Question

Although Earth's atmosphere is stratified, there is still exchange of air between, for example, troposphere and stratosphere. In the following, consider only the stratosphere and the troposphere. The lifetime of air in the stratosphere is 1.72 years. Determine the lifetime of air in the troposphere in years. Assume that the troposphere extends to 15.0 km in height and that the stratosphere extends from 15.0 km to 50.0 km. The molar mass of air is 28.96 g/mol.
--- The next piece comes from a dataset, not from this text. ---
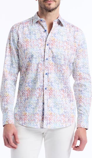 Brightened with rainbow-hued geometries, this crisp cotton shirt delivers easy-moving comfort and a look that works weel tucked or untucked.

Assume a temperature of 15.0 °C.

Answer 1

Pressure = force/area

force = mass x acceleration due to gravity = m g

Acceleration due to gravity, g = 9.18 m/s²

Area of earth = 4r²

radius of earth, r = 6371 x 10³ m

As acceleration due to gravity and area is constant for troposphere and stratosphere.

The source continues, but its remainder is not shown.